Thursday, September 18, 2014

Growing Into the Gift of Discernment

I have always desired the spiritual gifts, especially the gift of discernment. After many years of praying for this particular gift, I am finally seeing it develop. I have yet to physically see anything in the spiritual realm but I have definitely felt things. Sometimes God just points out a spirit to me. I am growing into this gift and am getting used to differentiating between my own perception and the Holy Ghost’s radar.
A couple weeks ago I started my mental health nursing clinical. My experiences have been less than exceptional and perhaps it is not a far stretch to say the supernatural may have something to do with it. My first day of clinical was not good. I felt frustrated and found myself complaining the entire time. I went home realizing I had not even considered covering myself in prayer for this clinical experience.
The following week I came back to the clinical sight hoping for a better experience and I was more aware of the territory I was entering. I found myself feeling very frustrated again. I did not express my emotions and did not share them with my nursing peers but I could feel the frustration and irritability burning on the inside.
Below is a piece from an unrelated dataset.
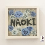 ご要望通り、花器は正方形フレーム白を使用して、ご指定のデザインのキャラクターをお花で装飾させていただきました。
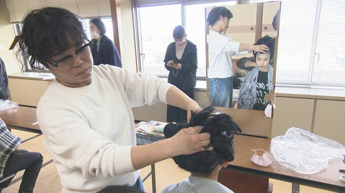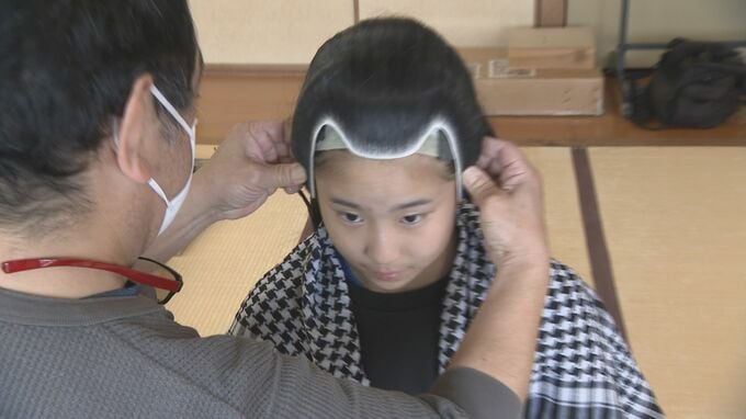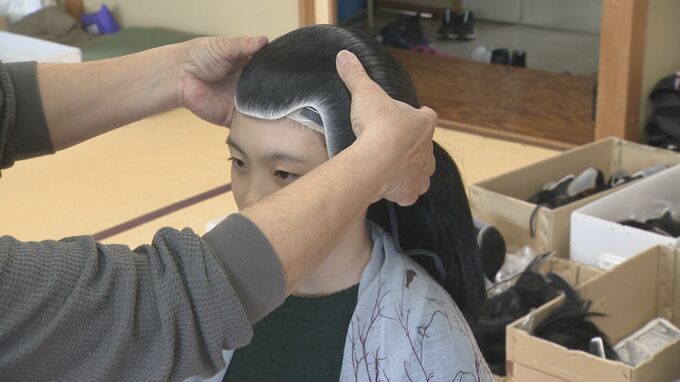 安宅関が舞台となっている「勧進帳」の上演に向け、出演する子供たちがかつら合わせに臨みました。

I felt like I was swirling in a sea of negativity and no one else seemed to be experiencing it. I even found myself resenting one of my peers for no reason. I quickly realized that a spirit of anxiety was trailing me. I tried to pray against it while at the mental hospital where my clinical was taking place but I felt too weak mentally. I felt so desperate I even texted my family and asked for prayer. The enemy’s arsenal was coming at me hard. The spirit ended up following me home but thankfully I recognized it’s presence on my home and found the strength to pray against it. I also had the prayers of my family supporting me.
This week I went to clinical fully alert and ready for the spiritual activity that was going to surround me once I set foot in the hospital. I was in a fairly good mood for most of the 6 hours I was there. However, towards the end, as I sat with my peers and listened to them reflect on their experiences, it hit me. A wave of depression rushed over me and suddenly I felt like crying. I felt so heavy and fatigued as if someone had thrown a sopping wet blanket over my head. The Holy Ghost discerned the situation and I began to pray in my mind and sing a worship song. I recognized the spirit of depression. It was the first spirit God showed me. Thankfully He showed me in a dream and not real life. As I prayed the feeling of sadness lifted. The heaviness did not go away completely until I left the hospital.
As I walked out of the hospital God reminded me to brush off the dust, and so, I literally did just that. I walked to my car with my heavy school bag and brushed off both my shoulders and my head and I said out loud, “Spirits, you cannot come home with me or come into my car in Jesus’ name”. I pulled out of the parking lot that night feeling relieved.

 God has been teaching me to be more sensitive and has been helping me recognize spirits everywhere I go. It is very interesting but also very serious. I know I must be prayed up and fasted up and carry my shield of faith wherever I go. This is a very dark world we live in and the spiritual battle is at large. Sleeping soldiers cannot stand.